The employer – employee relationship is dynamic. In any relationship, there are problems, misunderstandings and disputes which can lead to legal problems. The relationship begins before a person is hired. It starts with the job application process.
Think of the relationship as a basket of rights and duties through a “contract” between the two parties (the boss & you). Many of the terms and conditions of the contract are implied by federal and State of Florida statutes (laws) and through many centuries of court interpretations (which is known as the common law). In Florida, the law allow for employment “at will”. This means that the employer is able to terminate an employee for any reason, as long as the reason is not an illegal reason.
Beginning in the 1980s, employment-at-will came under challenge in some states. Employees had grown increasingly dissatisfied with the rule for a variety of reasons. For one thing, a decline in the number of self-employed individuals meant that most persons worked for someone else. For another, a typical worker who was discharged currently lost more than in the past in terms of pensions, medical insurance, and other fringe benefits.
As a result, a greater number of discharged workers brought suits alleging wrongful discharge from employment. In some successful cases, the courts have created exceptions to the employment-at-will practice.

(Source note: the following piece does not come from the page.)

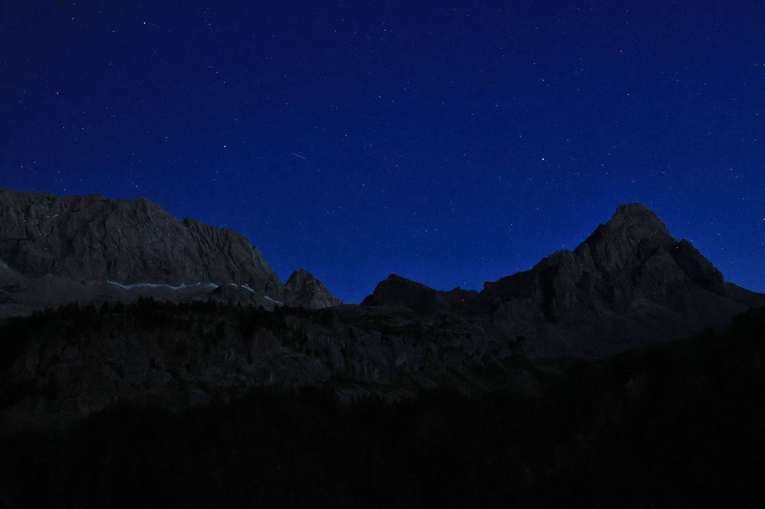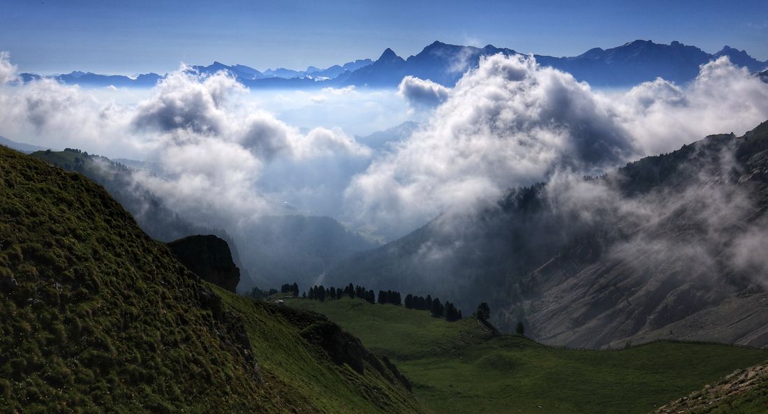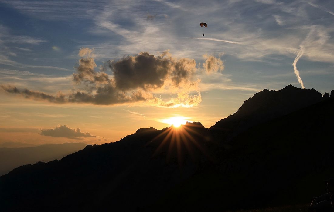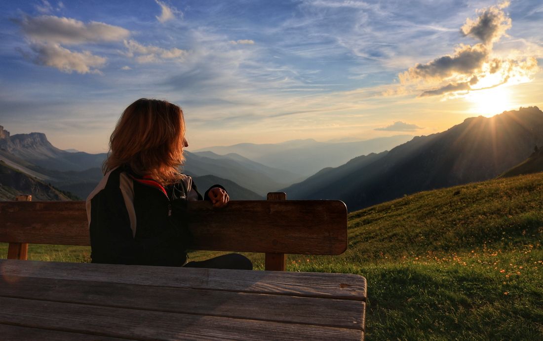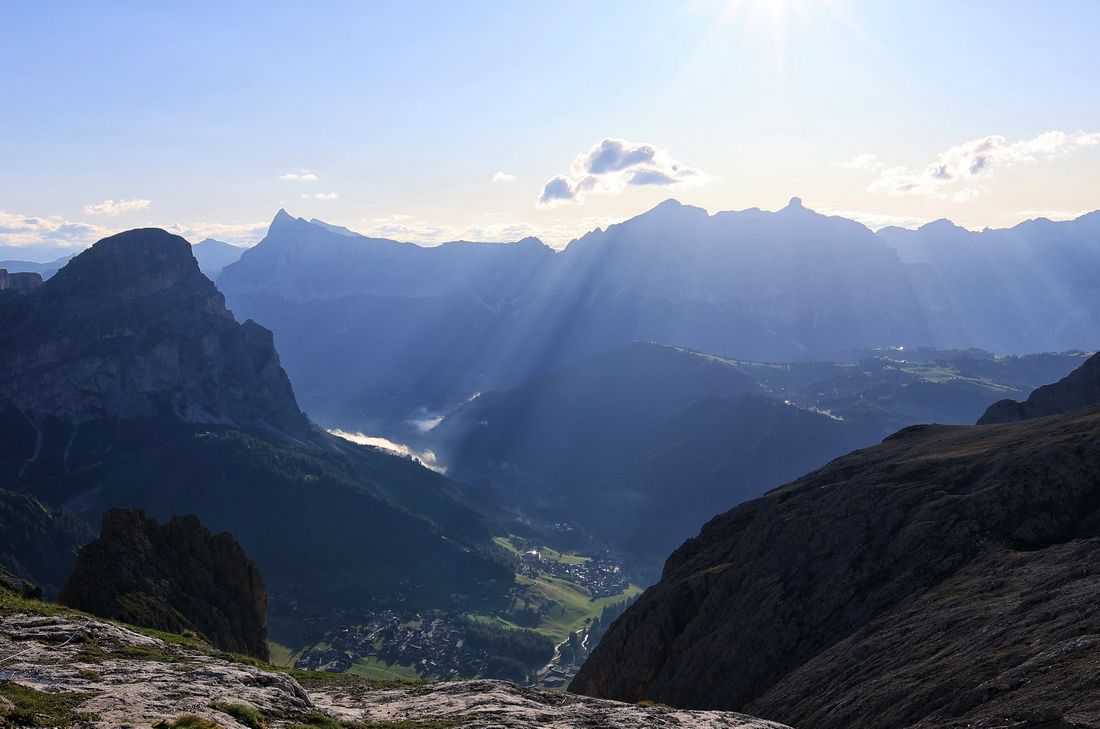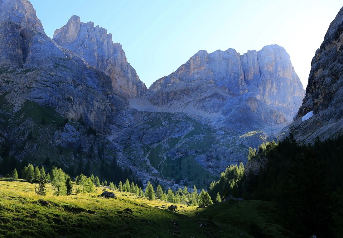 El sol va apareciendo entre las cimas de la Marmolada cual foco sobre las praderas alpinas.

These exceptions have fallen into three broad categories: breach of contract by the employer, breach of an implied covenant of good faith and fair dealing, and violation of public policy by the employer. Employers as well as law makers have responded in a variety of ways to this push back.

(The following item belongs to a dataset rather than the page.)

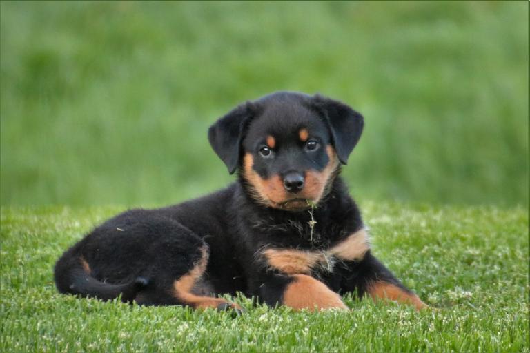 Keywords: rottweiler dog puppy sweet dog lying animal summer pet cute

One of the most common employment laws incorporated into the fabric of our society is the minimum wage law. The minimum wage is the lowest wage an employee can be paid and is determined by the forces of supply and demand in a free market. This acts as a price floor.
Wage & Hours
Another common employment law concerns working time. This governs the amount of time an adult as well as a child is allowed to work.
The Wages and Hours Act of 1938 set the maximum standard work week to 44 hours and in 1950, this was reduced to 40 hours. Despite this law, there are some jobs that require more than 40 hours to complete the tasks of the job. For example, if you are a farm worker, you can work over 72 hours a week, if you want to. However, you cannot be required to do so.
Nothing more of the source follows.